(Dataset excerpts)
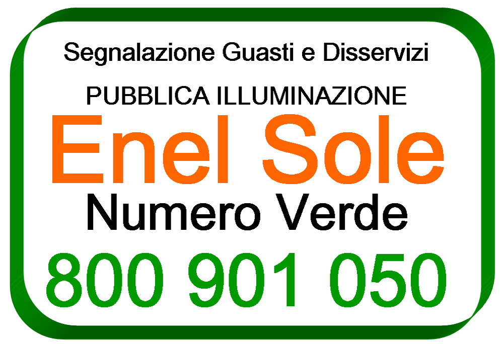 Arrivano spesso, in Municipio, telefonate di cittadini che segnalano guasti alla pubblica illuminazione, come lampade bruciate o lampioni spenti. Sono informazioni preziose, per le quali ringraziamo la gentilezza e la solerzia di chi ci contatta. Tuttavia, invitiamo i cittadini a segnalare il guasto non telefonando in Municipio ma chiamando direttamente il numero verde gratuito di Enel Sole 800.90.10.50 e comunicando il numero di matricola del lampione guasto o, in alternativa, la via e il numero civico all'altezza del quale esso si trova. In questo modo si evita un passaggio e si accelera il percorso: gli Uffici Comunali, infatti, una volta ricevuta la segnalazione dei cittadini, non possono far altro che chiamare a loro volta lo stesso numero verde.
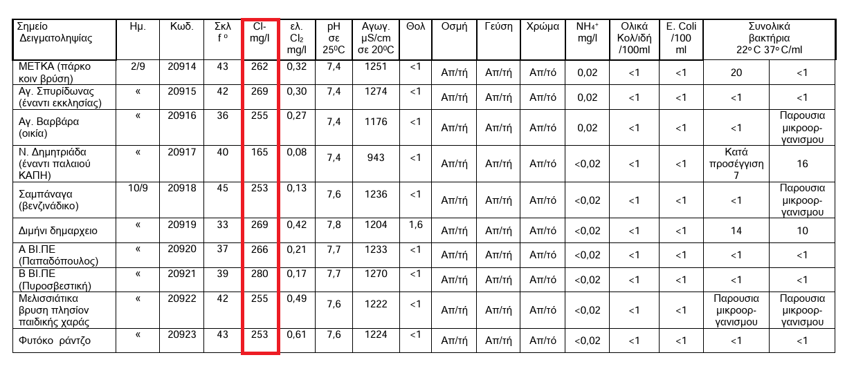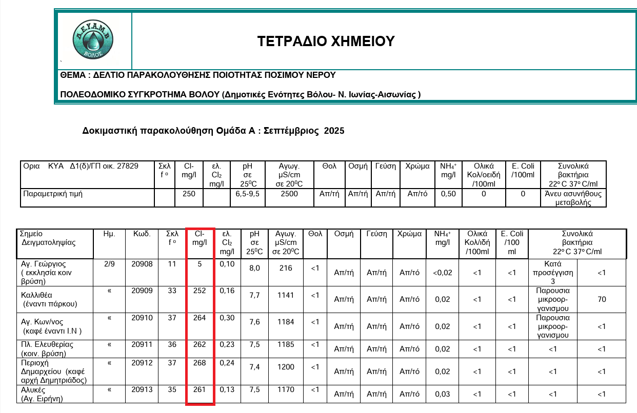 Ειδικότερα, στην περιοχή της ΜΕΤΚΑ τα χλωριόντα είναι 262mg/l, στον Άγιο Σπυρίδωνα 269, στην Αγία Βαρβάδα 255, στον Σαμπάναγα 253, στο Διμήνι 269, στην Α ΒΙΠΕ 266, στη Β ΒΙΠΕ 280, στα Μελισσιάτικα 255, το Φυτόκο 253, στην Καλλιθέα 252, στον Άγιο Κωνσταντίνο 264, στην Πλατεία Ελευθερίας στην κοινόχρηστη βρύση 262, στην περιοχή του Δημαρχείου (καφέ αρχή Δημητριάδος) 268 και 261 στις Αλυκές και ειδικότερα στην περιοχή της Αγίας Ειρήνης.
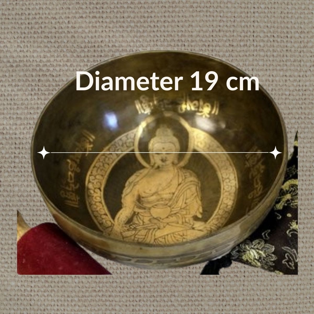 The set includes a brass bowl with a golden Buddha design, a matching cushion, and a suede-coated wooden stick. When the wooden end is drawn gently around the rim, the bowl produces a sustained tone. Alternatively, the padded end can be used for a soft, resonant strike. As a result, the bowl offers two distinct sound experiences using the same tool.
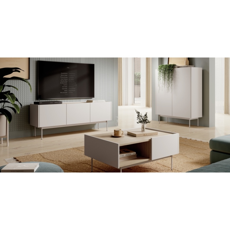 Rozświetl swoje wnętrze nowoczesnym stylem dzięki szafce RTV Color. To niezwykłe połączenie funkcjonalności i estetyki, które sprawi, że Twój salon nabierze wyjątkowego charakteru.Beżowa konstrukcja nadaje szafce unikalny charakter, tworząc efektowne połączenie kolorów, które z pewnością przyciągnie uwagę każdego miłośnika stylowych wnętrz. Metalowe nóżki, utrzymane w tym samym odcieniu, nie tylko dodają meblowi lekkości, ale także podkreślają jego nowoczesny wygląd, sprawiając, że staje się ona centralnym punktem Twojego salonu. Blat oraz wnętrze szafki zostało starannie wykończone w naturalnym kolorze dębu, nadając meblowi przytulny i ciepły charakter. Dodatkowo, obrzeża ABS zapewniają trwałość i odporność na uszkodzenia, co sprawia, że szafka Color zachowa swoje piękno przez długie lata.
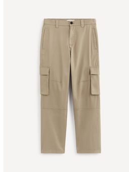 Bavlněné kalhoty cargo s elastanem. Pevný pas se zapínáním na zip a knoflík. Velké boční kapsy s klopami. Poutka na pásek.
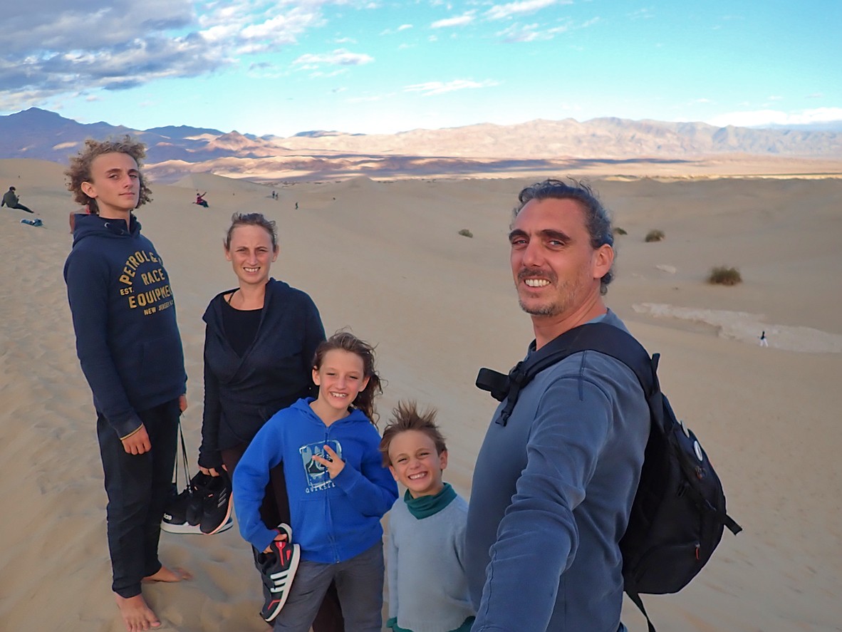 2ème partie de la route le matin et arrivée enfin à Death Park aux alentours de 11h. Là, on a commencé par une balade dans un canyon époustouflant, on a déjeuner dans un vieux saloon à Stovepipes Wells Village et on a poursuivi notre visite du parc par les dunes de sables. Les enfants se sont tellement éclatés à courir pieds nus dans ces immenses étendues de sable qu’on y est resté toute l’après midi, avant de rejoindre le Nevada et la petite ville de Beatty où nous avons passé un réveillon tranquille.
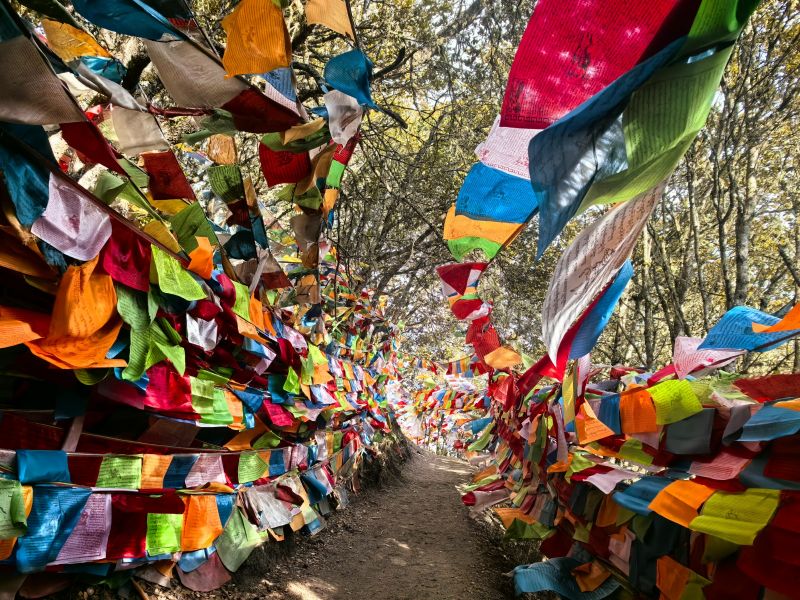 略显陡峭的山间小径,走起来稍微费力。不甚明显的山路纵横交错,几度往返终至第一个山脊平台,翻飞的经幡中穿行,像是经历灵魂的洗礼。
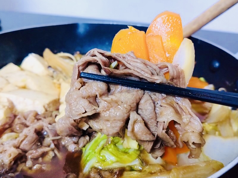 そして、もう半分は「すき焼き」にしました。とても柔らかくて味も染みこみやすく、口に入れるとくちどけよい食感。季節がらすき焼きは体もポカポカして幸せ感に包まれますね。
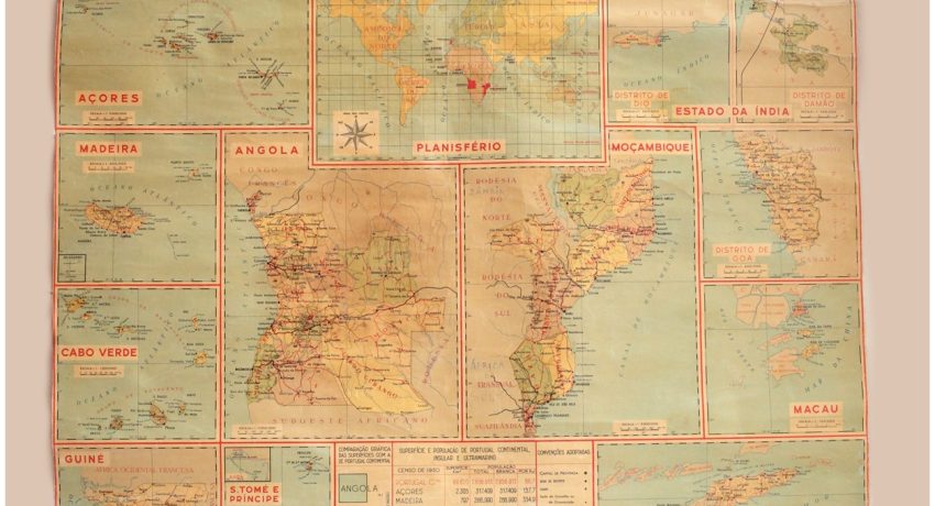 que a gente seguia através da caninha do professor a indicar os risquinhos no mapa pendurado na parede – Portugal Continental, as Ilhas Adjacentes e as Províncias Ultramarinas – com o Alto Alentejo a rosa-choque e a Beira Alta a azul-pervinca, a caninha a desviar-se de quando em vez do mapa e da parede para mergulhar com um silvo tenebroso
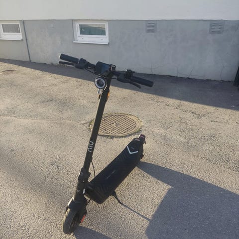 E-WHEELS E2S LR elsparkcykel i svart färg den åker u 20 km/h. Modellen är hopfällbar med styre som kan låsas i nedfällt läge för enklare transport och förvaring. Utrustad med framlykta, stänkskärmar och stöd. Passar för pendling och vardagsåkning. Den in åka 4,5 mil/45km
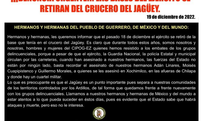 19 de diciembre de 2022. HERMANOS Y HERMANAS DEL PUEBLO DE GUERRERO, DE MÉXICO Y DEL MUNDO: Hermanos y hermanas, les queremos informar que el pasado 18 de diciembre el ejército…
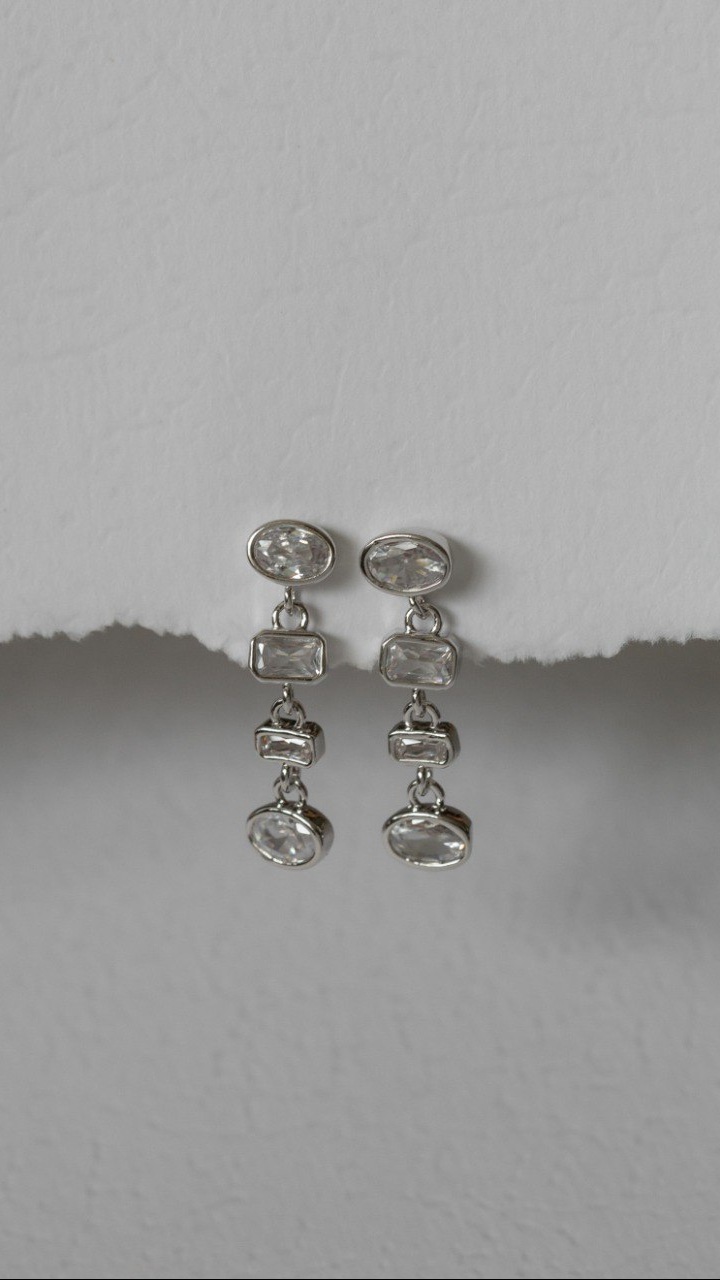 Brinco com zircônias geométricas e cravação inglesa.
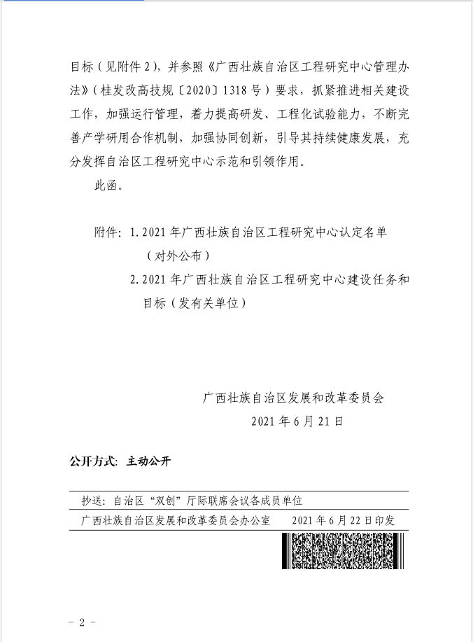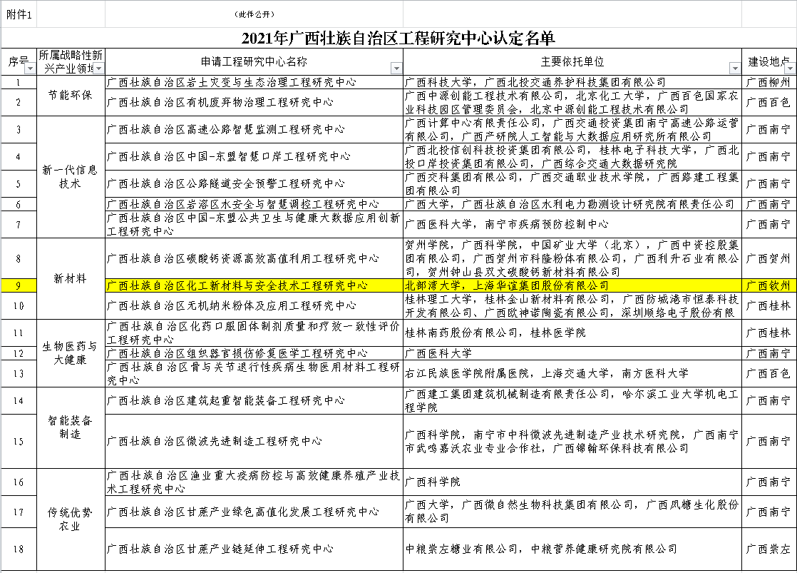 近日,广西壮族自治区发展和改革委员会下发了《广西壮族自治区发展和改革委员会关于认定2021 年度广西壮族自治区工程研究中心的函》文件,由必威西汉姆联与上海华谊集团股份有限公司牵头申报的“广西壮族自治区化工新材料与安全技术工程研究中心”获批立项建设。这是必威西汉姆联首次获批以第一单位建设的自治区工程研究中心,实现了必威西汉姆联石油与化工学院在此类科技服务及应用化平台上的历史性突破。
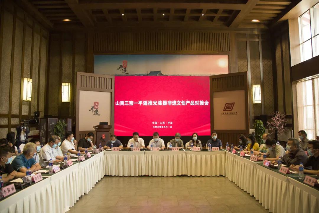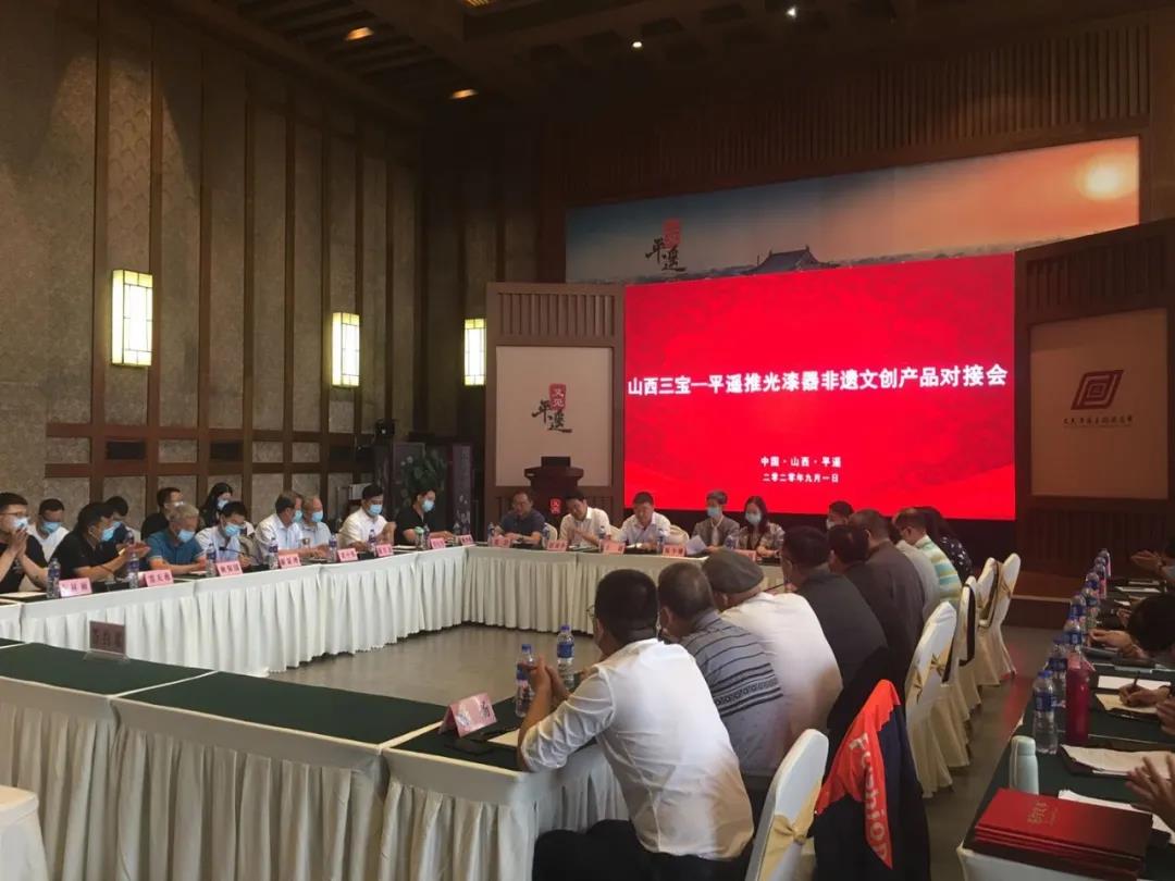 2020年9月1日上午,山西三寶·平遙推光漆器非遺文創產品對接會在平遙古城舉行。本次會議由山西省文化和旅游廳主辦,晉中市文化和旅游局、平遙縣人民政府、故宮文創研發交流中心承辦。山西省文化和旅游廳副廳長級干部陳少卿、山西省文化和旅游廳產業發展中心副主任王真、晉中市文旅局局長王超、晉中市文旅局副局長王建平、平遙縣委常委、副縣長趙凌中、平遙縣文旅局局長姚晉峰、中國青年網創新產品中心副主任汲麗娜、文旅部中外文化交流中心專家陳澄、故宮文創研發交流中心副主任張巖、平遙推光漆器國家級工藝美術大師薛生金、梁中秀,省級工藝美術大師耿保國、雷天勇,唐都推光漆器有限公司、恒隆泰漆藝有限公司負責人以及來自北京的數十家工藝美術和文創企業代表出席本次活動。晉中市文旅局局長王超主持會議。
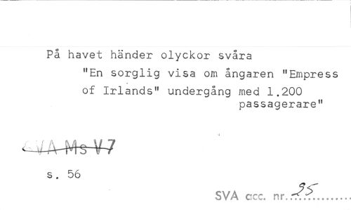//// På havet händer olyckor svåra //// "En sorglig visa om ångaren "Empress //// of Irlands" undergång med 1.200 //// passagerare" //// —Ä-MS-V7 //// s. 56 //// SVA ccc. nr. .fr. .V... ////

| What you need to do |
For each entry, repeat its text exactly and leave out any picture it holds.

| Exercise answer |
 Arrivano spesso, in Municipio, telefonate di cittadini che segnalano guasti alla pubblica illuminazione, come lampade bruciate o lampioni spenti. Sono informazioni preziose, per le quali ringraziamo la gentilezza e la solerzia di chi ci contatta. Tuttavia, invitiamo i cittadini a segnalare il guasto non telefonando in Municipio ma chiamando direttamente il numero verde gratuito di Enel Sole 800.90.10.50 e comunicando il numero di matricola del lampione guasto o, in alternativa, la via e il numero civico all'altezza del quale esso si trova. In questo modo si evita un passaggio e si accelera il percorso: gli Uffici Comunali, infatti, una volta ricevuta la segnalazione dei cittadini, non possono far altro che chiamare a loro volta lo stesso numero verde.
 Ειδικότερα, στην περιοχή της ΜΕΤΚΑ τα χλωριόντα είναι 262mg/l, στον Άγιο Σπυρίδωνα 269, στην Αγία Βαρβάδα 255, στον Σαμπάναγα 253, στο Διμήνι 269, στην Α ΒΙΠΕ 266, στη Β ΒΙΠΕ 280, στα Μελισσιάτικα 255, το Φυτόκο 253, στην Καλλιθέα 252, στον Άγιο Κωνσταντίνο 264, στην Πλατεία Ελευθερίας στην κοινόχρηστη βρύση 262, στην περιοχή του Δημαρχείου (καφέ αρχή Δημητριάδος) 268 και 261 στις Αλυκές και ειδικότερα στην περιοχή της Αγίας Ειρήνης.
 The set includes a brass bowl with a golden Buddha design, a matching cushion, and a suede-coated wooden stick. When the wooden end is drawn gently around the rim, the bowl produces a sustained tone. Alternatively, the padded end can be used for a soft, resonant strike. As a result, the bowl offers two distinct sound experiences using the same tool.
 Rozświetl swoje wnętrze nowoczesnym stylem dzięki szafce RTV Color. To niezwykłe połączenie funkcjonalności i estetyki, które sprawi, że Twój salon nabierze wyjątkowego charakteru.Beżowa konstrukcja nadaje szafce unikalny charakter, tworząc efektowne połączenie kolorów, które z pewnością przyciągnie uwagę każdego miłośnika stylowych wnętrz. Metalowe nóżki, utrzymane w tym samym odcieniu, nie tylko dodają meblowi lekkości, ale także podkreślają jego nowoczesny wygląd, sprawiając, że staje się ona centralnym punktem Twojego salonu. Blat oraz wnętrze szafki zostało starannie wykończone w naturalnym kolorze dębu, nadając meblowi przytulny i ciepły charakter. Dodatkowo, obrzeża ABS zapewniają trwałość i odporność na uszkodzenia, co sprawia, że szafka Color zachowa swoje piękno przez długie lata.
 Bavlněné kalhoty cargo s elastanem. Pevný pas se zapínáním na zip a knoflík. Velké boční kapsy s klopami. Poutka na pásek.
 2ème partie de la route le matin et arrivée enfin à Death Park aux alentours de 11h. Là, on a commencé par une balade dans un canyon époustouflant, on a déjeuner dans un vieux saloon à Stovepipes Wells Village et on a poursuivi notre visite du parc par les dunes de sables. Les enfants se sont tellement éclatés à courir pieds nus dans ces immenses étendues de sable qu’on y est resté toute l’après midi, avant de rejoindre le Nevada et la petite ville de Beatty où nous avons passé un réveillon tranquille.
 略显陡峭的山间小径,走起来稍微费力。不甚明显的山路纵横交错,几度往返终至第一个山脊平台,翻飞的经幡中穿行,像是经历灵魂的洗礼。
 そして、もう半分は「すき焼き」にしました。とても柔らかくて味も染みこみやすく、口に入れるとくちどけよい食感。季節がらすき焼きは体もポカポカして幸せ感に包まれますね。
 que a gente seguia através da caninha do professor a indicar os risquinhos no mapa pendurado na parede – Portugal Continental, as Ilhas Adjacentes e as Províncias Ultramarinas – com o Alto Alentejo a rosa-choque e a Beira Alta a azul-pervinca, a caninha a desviar-se de quando em vez do mapa e da parede para mergulhar com um silvo tenebroso
 E-WHEELS E2S LR elsparkcykel i svart färg den åker u 20 km/h. Modellen är hopfällbar med styre som kan låsas i nedfällt läge för enklare transport och förvaring. Utrustad med framlykta, stänkskärmar och stöd. Passar för pendling och vardagsåkning. Den in åka 4,5 mil/45km
 19 de diciembre de 2022. HERMANOS Y HERMANAS DEL PUEBLO DE GUERRERO, DE MÉXICO Y DEL MUNDO: Hermanos y hermanas, les queremos informar que el pasado 18 de diciembre el ejército…
 Brinco com zircônias geométricas e cravação inglesa.
 近日,广西壮族自治区发展和改革委员会下发了《广西壮族自治区发展和改革委员会关于认定2021 年度广西壮族自治区工程研究中心的函》文件,由必威西汉姆联与上海华谊集团股份有限公司牵头申报的“广西壮族自治区化工新材料与安全技术工程研究中心”获批立项建设。这是必威西汉姆联首次获批以第一单位建设的自治区工程研究中心,实现了必威西汉姆联石油与化工学院在此类科技服务及应用化平台上的历史性突破。
 2020年9月1日上午,山西三寶·平遙推光漆器非遺文創產品對接會在平遙古城舉行。本次會議由山西省文化和旅游廳主辦,晉中市文化和旅游局、平遙縣人民政府、故宮文創研發交流中心承辦。山西省文化和旅游廳副廳長級干部陳少卿、山西省文化和旅游廳產業發展中心副主任王真、晉中市文旅局局長王超、晉中市文旅局副局長王建平、平遙縣委常委、副縣長趙凌中、平遙縣文旅局局長姚晉峰、中國青年網創新產品中心副主任汲麗娜、文旅部中外文化交流中心專家陳澄、故宮文創研發交流中心副主任張巖、平遙推光漆器國家級工藝美術大師薛生金、梁中秀,省級工藝美術大師耿保國、雷天勇,唐都推光漆器有限公司、恒隆泰漆藝有限公司負責人以及來自北京的數十家工藝美術和文創企業代表出席本次活動。晉中市文旅局局長王超主持會議。
//// På havet händer olyckor svåra //// "En sorglig visa om ångaren "Empress //// of Irlands" undergång med 1.200 //// passagerare" //// —Ä-MS-V7 //// s. 56 //// SVA ccc. nr. .fr. .V... ////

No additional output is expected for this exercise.